Inside the calm down box is our calm down jar made with water, glitter glue, food coloring, and glitter. The idea is to shake the jar, and as you watch the glitter twirl around, it brings your attention onto the motion in the jar and instantly the brain begins to calm.

Also inside the calm down box are a few books, a drawing pad and markers/pencils, and a container of rice.      
The final result is a soothing place to go, engage the mind, and get regulated.

This is not a punishment. You may go with your child to the calm down area or your child may go alone, whichever she prefers. The point is to get her calm. The lesson comes afterwards.

I know this may seem like a very soft or possibly even almost permissive way to deal with misbehavior when you are used to spanking, but the goal of discipline is to teach our child to do better, and there are many routes to that end. Just because this is a kinder and gentler route doesn't mean it is permissive. Permissive parents fail to set and enforce limits and don't discipline (teach) their children at all. 

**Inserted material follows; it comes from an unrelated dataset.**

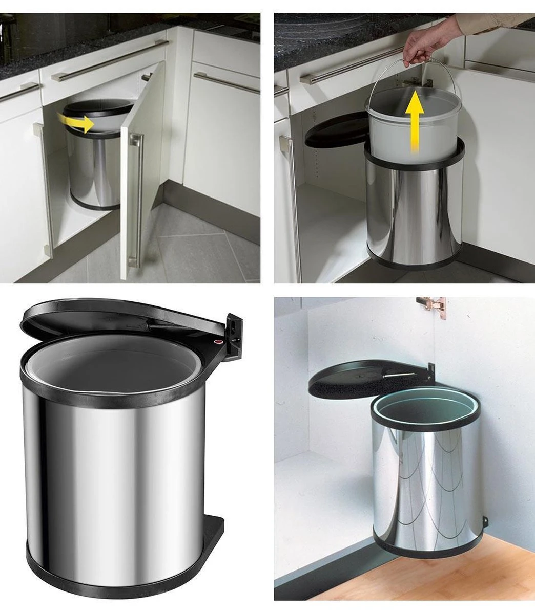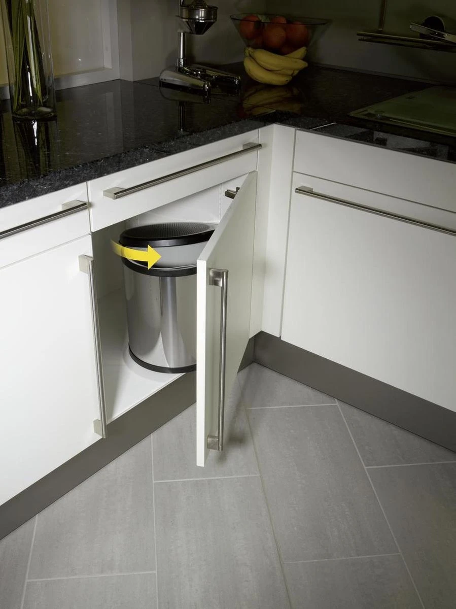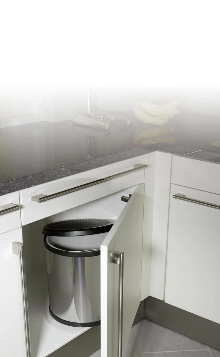 Deze afvalbak is ideaal voor elke inbouw keuken. Het deksel-liftsysteem tilt het deksel naar één kant op zodra je de kastdeur opent. Dit zorgt voor eenvoudig vullen en verwijderen van de binnenbak. De afvalbak is eenvoudig te monteren. Je kunt zelf kiezen of het aan de rechter- of linkerdeur gaat. De Compact-Box M kan maximaal 15 liter bevatten en kan worden gebruikt met carrouselunits van meer dan 40 cm breed.

Here, we are allowing our child the space to calm the mind, and once he is calm, he will better internalize the lesson that is to follow, whereby you teach your child what is acceptable and appropriate and give him alternatives to his behavior. For example, if he hit his sister, then once he is calm, you will restate your limit that hitting is not acceptable and you will give him alternatives to hitting. He has anger and frustration, normal human emotions, he just needs to know what to do with them. Allow him to squeeze a stress ball. Let him rip up paper, clap his hands, or pop a balloon. These sensory activities are often a release for kids. 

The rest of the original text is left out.